Demolitions have several benefits and the Benning Road Power Plant in the District of Columbia is no exception. Owned and operated by Pepco Energy Services since 2000, the plant was shuttered in 2012 and placed into an inoperable state. Pepco cites several benefits to the community from the shutdown and dismantling of the outdated plant including:
- elimination of air emissions from burning of fuel oil at the power plant;
- elimination of fuel oil storage and oil truck deliveries;
- removal of the visual impact of the power plant and the smoke stacks; and
- removal of any hazardous materials in the power plant.
Exclusive Company Wrench attachments also are yielding increased productivity. “The patented second-member hammer is a beast,” Bucci says. “It’s helping us get through the challenging project of pulverizing pedestals that are over 100 years old and made of concrete 2 feet deep with metal underneath.”
Bucci adds, “The entire process with Company Wrench has been very instrumental. Their sales and service team got the Kobelco machines on site quickly. We started a month behind schedule but quickly caught up to where we needed to be because of the top-notch, efficient equipment Company Wrench recommended and is providing to us.”
Although Company Wrench has represented many brands over the years, Kobelco remains one of its strongest. “We have had excellent experiences with Kobelco,” says Gilmartin. “Its excavators are not only reliable, but the company has outstanding customer service.”

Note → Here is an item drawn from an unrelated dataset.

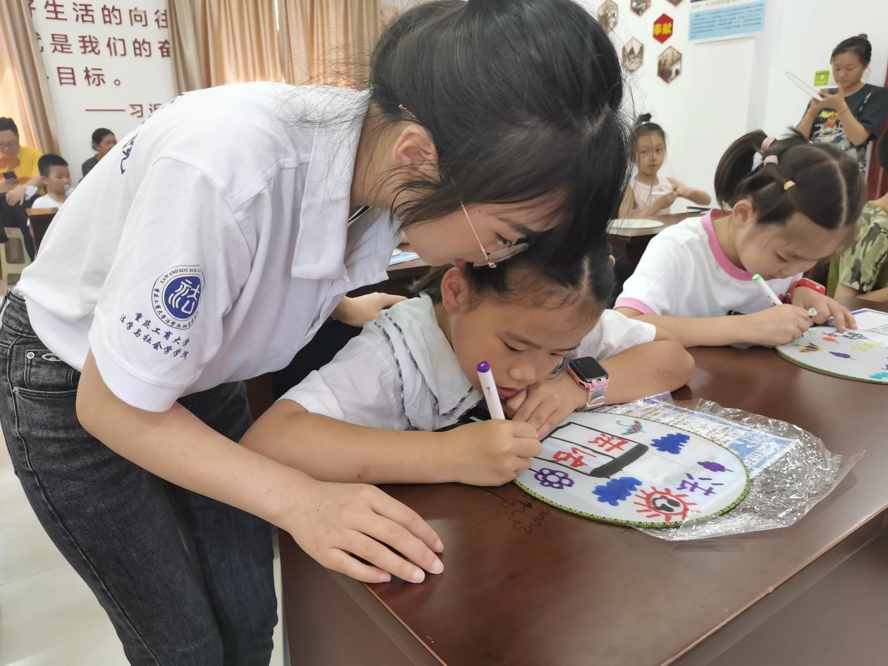 为使少年儿童更好地树立法律意识,增强自我保护观念,推进全面建设社会主义法治国家的进程,7月7日,青年普法志愿者服务队走进沙坪坝区梨树湾社区,向社区儿童宣讲社会主义核心价值观和未成年人自我保护知识。志愿者们深入浅出地引导儿童学习《中华人民共和国未成年人保护法》,以三组生动的情景再现和案例分析告诉孩子们什么可为、什么不可为,引导孩子们懂得尊师重道、团结同学,礼貌待人、乐于助人。志愿者们以近年来校园内频发的暴力行为作引入,教导孩子们在遭遇此类事件时应该如何用法律手段进行自我保护。随后,孩子们在扇子上进行“画法”活动,用画笔描绘出心中的社会主义法治国家。此外,志愿者们还向孩子们宣讲了防范电信诈骗的相关知识,并教会孩子们如何对待陌生来电、危险网站以及预防电信诈骗。通过懂法、画法、守法三个环节的宣讲,让孩子们更好地认识到法律在生活中的作用,学会在遭遇困难时运用法律手段保护自己。

Pepco says it is committed to working safely and respectfully in the neighborhood and will continue to work diligently to minimize the impact of the power plant demolition project on residents in surrounding communities.
Pepco Energy Services says its commitment to the community is to ensure that the dismantling of the power plant is conducted safely and in compliance with all applicable government regulations standards and permitting requirements. Pepco site supervisors, contractors and security and safety teams have established appropriate procedures to monitor all work activities and prevent potential hazards. The company also has shown its commitment to keeping the community informed about this powe plant demolition project every step of the way. In addition to community meetings, information and updates also are available at www.benningservicecenter.com.
Project map restoration is the final phase of the controlled plan, which involves grading and leveling the ground surface of where the plant once stood. This phase is scheduled to begin in the spring of 2015.
Information in this article was provided by Houston-based Kobelco (www.kobelco-usa.com) and by Pepco Energy Services, Washington. A version of this article appeared in the Demolition Supplement to the March/April 2015 issue of Construction & Demolition Recycling, a sister publication to Recycling Today.